- **Work to be completed**
An exact transcription of all the records, free of pictures, is the expected answer.

Dataset items:
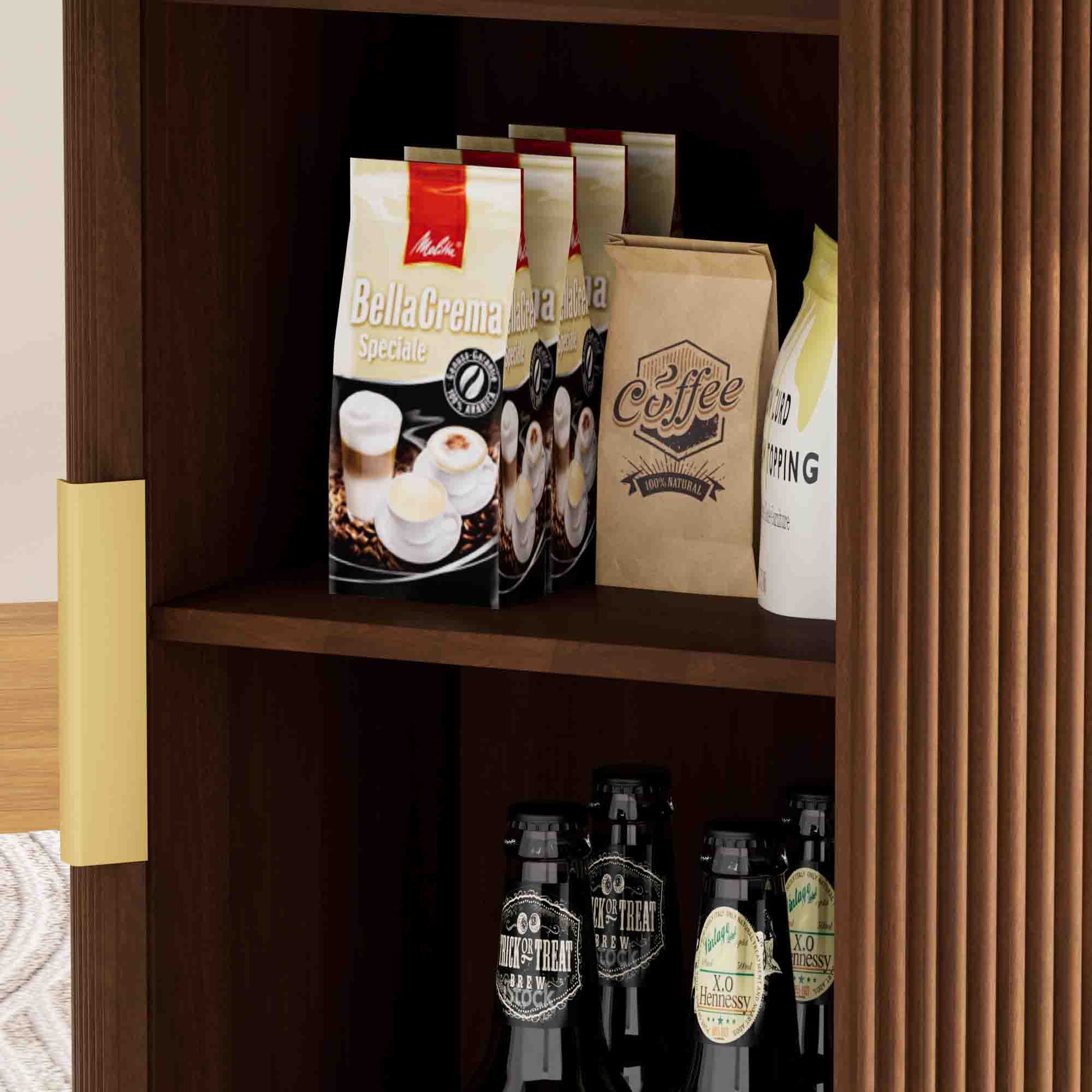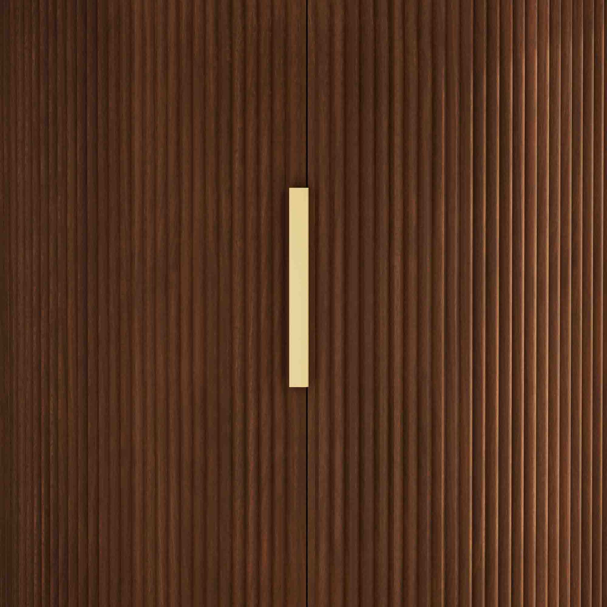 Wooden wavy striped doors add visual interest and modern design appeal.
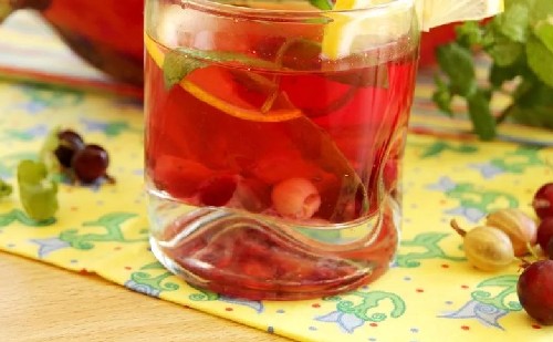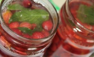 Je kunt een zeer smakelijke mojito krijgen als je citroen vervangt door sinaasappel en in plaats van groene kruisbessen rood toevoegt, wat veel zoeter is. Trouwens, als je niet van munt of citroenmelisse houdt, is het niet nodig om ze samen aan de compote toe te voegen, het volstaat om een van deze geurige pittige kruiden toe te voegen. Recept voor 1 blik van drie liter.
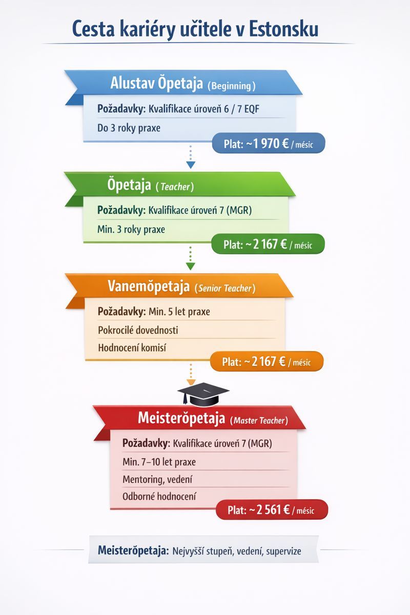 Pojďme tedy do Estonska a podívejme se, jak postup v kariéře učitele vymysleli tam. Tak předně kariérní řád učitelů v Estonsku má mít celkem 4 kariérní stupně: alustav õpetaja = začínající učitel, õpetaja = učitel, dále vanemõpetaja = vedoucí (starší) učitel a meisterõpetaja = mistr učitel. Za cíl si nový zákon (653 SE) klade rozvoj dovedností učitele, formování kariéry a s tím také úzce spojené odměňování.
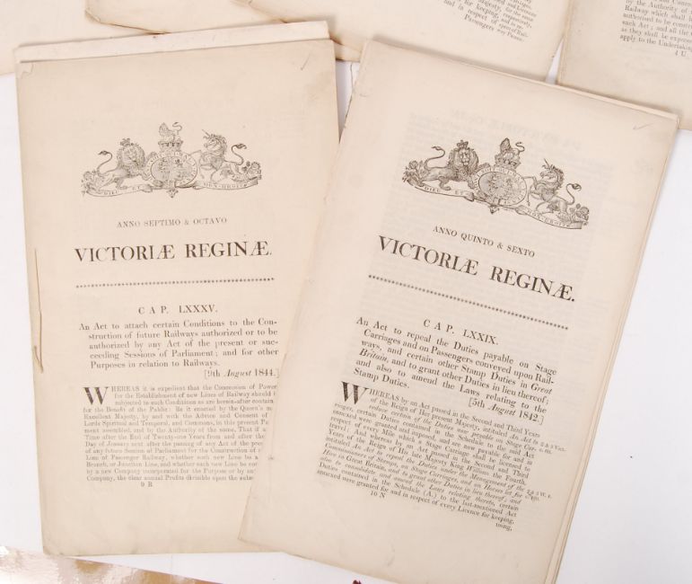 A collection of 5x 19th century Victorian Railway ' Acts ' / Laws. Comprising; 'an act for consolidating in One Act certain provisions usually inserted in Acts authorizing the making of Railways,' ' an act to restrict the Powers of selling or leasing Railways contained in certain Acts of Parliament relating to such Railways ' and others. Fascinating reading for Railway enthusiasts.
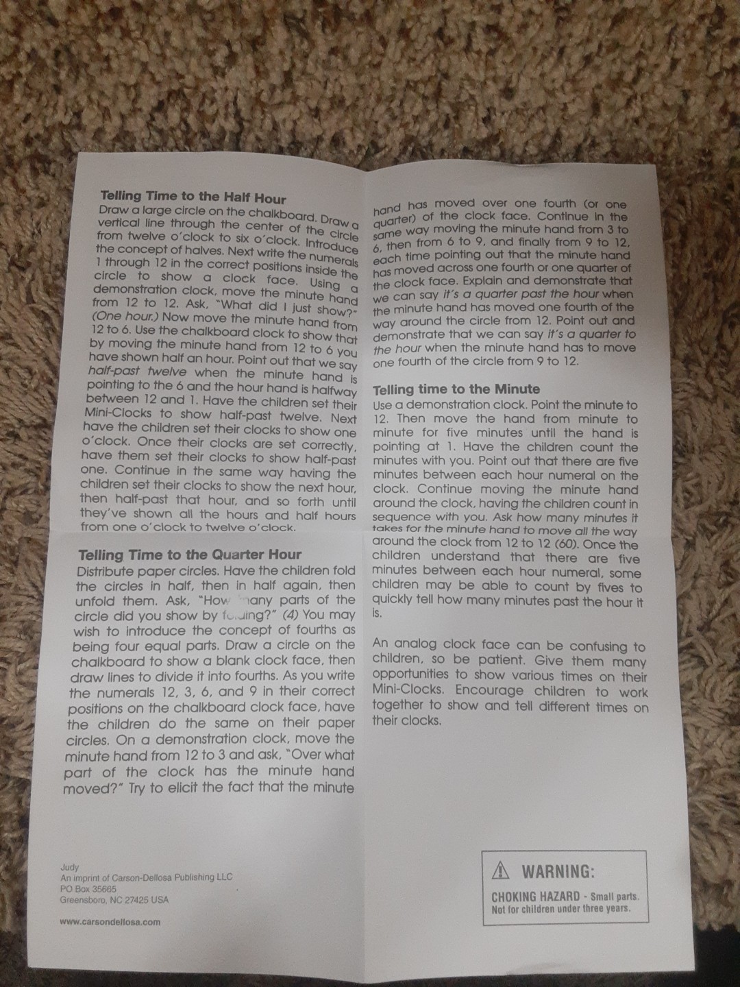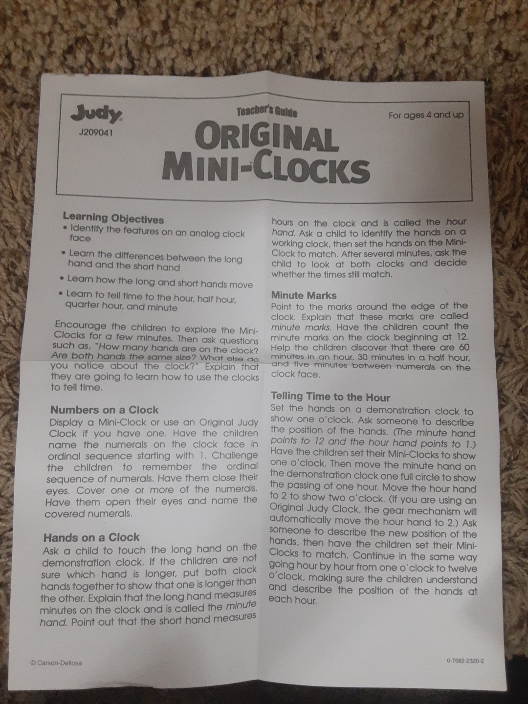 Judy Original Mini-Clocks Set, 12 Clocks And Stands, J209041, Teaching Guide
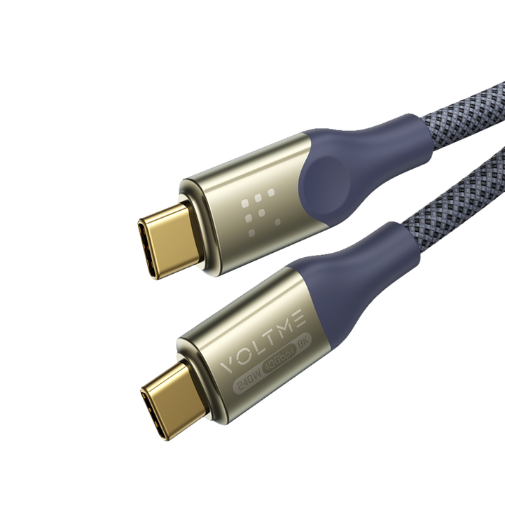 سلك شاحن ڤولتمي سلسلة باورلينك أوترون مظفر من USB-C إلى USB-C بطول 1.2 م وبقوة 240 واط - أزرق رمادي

- **Solved problem**
 Wooden wavy striped doors add visual interest and modern design appeal.
 Je kunt een zeer smakelijke mojito krijgen als je citroen vervangt door sinaasappel en in plaats van groene kruisbessen rood toevoegt, wat veel zoeter is. Trouwens, als je niet van munt of citroenmelisse houdt, is het niet nodig om ze samen aan de compote toe te voegen, het volstaat om een van deze geurige pittige kruiden toe te voegen. Recept voor 1 blik van drie liter.
 Pojďme tedy do Estonska a podívejme se, jak postup v kariéře učitele vymysleli tam. Tak předně kariérní řád učitelů v Estonsku má mít celkem 4 kariérní stupně: alustav õpetaja = začínající učitel, õpetaja = učitel, dále vanemõpetaja = vedoucí (starší) učitel a meisterõpetaja = mistr učitel. Za cíl si nový zákon (653 SE) klade rozvoj dovedností učitele, formování kariéry a s tím také úzce spojené odměňování.
 A collection of 5x 19th century Victorian Railway ' Acts ' / Laws. Comprising; 'an act for consolidating in One Act certain provisions usually inserted in Acts authorizing the making of Railways,' ' an act to restrict the Powers of selling or leasing Railways contained in certain Acts of Parliament relating to such Railways ' and others. Fascinating reading for Railway enthusiasts.
 Judy Original Mini-Clocks Set, 12 Clocks And Stands, J209041, Teaching Guide
 سلك شاحن ڤولتمي سلسلة باورلينك أوترون مظفر من USB-C إلى USB-C بطول 1.2 م وبقوة 240 واط - أزرق رمادي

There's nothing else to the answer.